Already on GitHub? Sign in to your account

File descriptors are leaked when using HTTP #1604

Closed
ryanbrink opened this Issue Aug 6, 2014 · 26 comments

Comments

Projects
None yet
@ryanbrink

ryanbrink commented Aug 6, 2014

Several of Logstash's input and output modules use HTTP via the FTW gem (https://github.com/jordansissel/ruby-ftw). From my experience with Logstash, this gem is leaking file descriptors and eventually causing Logstash to essentially die by repeatedly trying and failing to open a file descriptor for some task.
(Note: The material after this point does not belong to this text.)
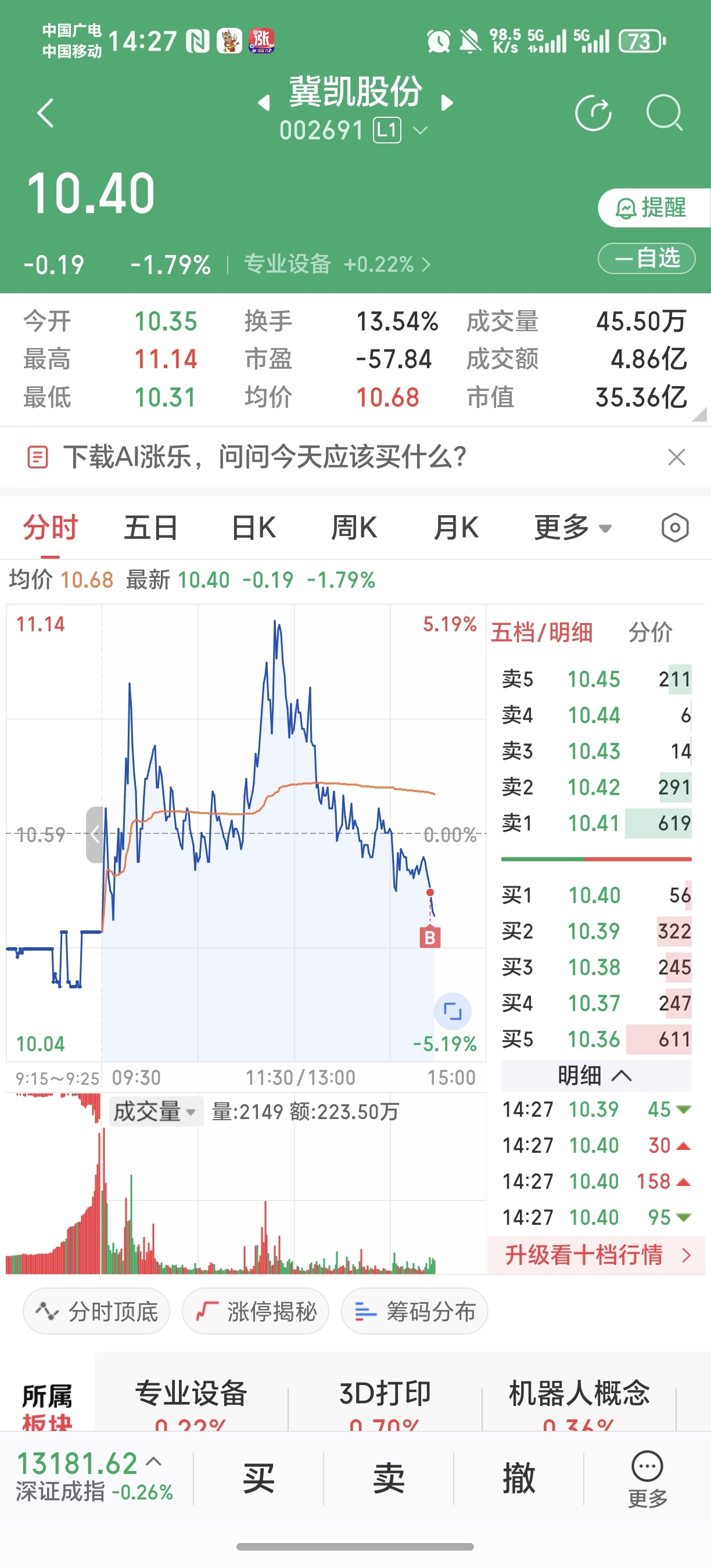 $冀凯股份(SZ002691)$ 完了,咋去哪儿都是套我啊

For example, here is a trace I got after running Logstash for a couple of days in my setup:

{:timestamp=>"2014-08-06T11:13:07.128000+0000", 
:message=>"Failed to flush outgoing items", 
:outgoing_count=>1, 
:exception=>#<SocketError: initialize: java.net.SocketException: Too many open files>, 
:backtrace=>[
    "org/jruby/ext/socket/RubySocket.java:190:in `initialize'", 
    "org/jruby/RubyIO.java:852:in `new'", 
    "/usr/local/liveview/shipping/logstash-1.4.2/vendor/bundle/jruby/1.9/gems/ftw-0.0.39/lib/ftw/connection.rb:146:in `connect'", 
    "org/jruby/RubyArray.java:1613:in `each'", 
    "/usr/local/liveview/shipping/logstash-1.4.2/vendor/bundle/jruby/1.9/gems/ftw-0.0.39/lib/ftw/connection.rb:139:in `connect'", 
    "/usr/local/liveview/shipping/logstash-1.4.2/vendor/bundle/jruby/1.9/gems/ftw-0.0.39/lib/ftw/agent.rb:406:in `connect'", 
    "org/jruby/RubyProc.java:271:in `call'", 
    "/usr/local/liveview/shipping/logstash-1.4.2/vendor/bundle/jruby/1.9/gems/ftw-0.0.39/lib/ftw/pool.rb:48:in `fetch'", "/usr/local/liveview/shipping/logstash-1.4.2/vendor/bundle/jruby/1.9/gems/ftw-0.0.39/lib/ftw/agent.rb:403:in `connect'", 
    "/usr/local/liveview/shipping/logstash-1.4.2/vendor/bundle/jruby/1.9/gems/ftw-0.0.39/lib/ftw/agent.rb:319:in `execute'", 
    "/usr/local/liveview/shipping/logstash-1.4.2/vendor/bundle/jruby/1.9/gems/ftw-0.0.39/lib/ftw/agent.rb:217:in `post!'", 
    "/usr/local/liveview/shipping/logstash-1.4.2/lib/logstash/outputs/elasticsearch_http.rb:215:in `post'", 
    "/usr/local/liveview/shipping/logstash-1.4.2/lib/logstash/outputs/elasticsearch_http.rb:210:in `flush'", 
    "/usr/local/liveview/shipping/logstash-1.4.2/vendor/bundle/jruby/1.9/gems/stud-0.0.17/lib/stud/buffer.rb:219:in `buffer_flush'", 
    "org/jruby/RubyHash.java:1339:in `each'", 
    "/usr/local/liveview/shipping/logstash-1.4.2/vendor/bundle/jruby/1.9/gems/stud-0.0.17/lib/stud/buffer.rb:216:in `buffer_flush'", 
    "/usr/local/liveview/shipping/logstash-1.4.2/vendor/bundle/jruby/1.9/gems/stud-0.0.17/lib/stud/buffer.rb:193:in `buffer_flush'", 
    "/usr/local/liveview/shipping/logstash-1.4.2/vendor/bundle/jruby/1.9/gems/stud-0.0.17/lib/stud/buffer.rb:159:in `buffer_receive'", 
    "/usr/local/liveview/shipping/logstash-1.4.2/lib/logstash/outputs/elasticsearch_http.rb:188:in `receive'", 
    "/usr/local/liveview/shipping/logstash-1.4.2/lib/logstash/outputs/base.rb:86:in `handle'", 
    "(eval):335:in `initialize'", 
    "org/jruby/RubyProc.java:271:in `call'", 
    "/usr/local/liveview/shipping/logstash-1.4.2/lib/logstash/pipeline.rb:266:in `output'", 
    "/usr/local/liveview/shipping/logstash-1.4.2/lib/logstash/pipeline.rb:225:in `outputworker'", 
    "/usr/local/liveview/shipping/logstash-1.4.2/lib/logstash/pipeline.rb:152:in `start_outputs'"
    ], 
:level=>:warn}

This will repeat until I restart the process, after which Logstash will run ok until it again eats up all available file descriptors on the system.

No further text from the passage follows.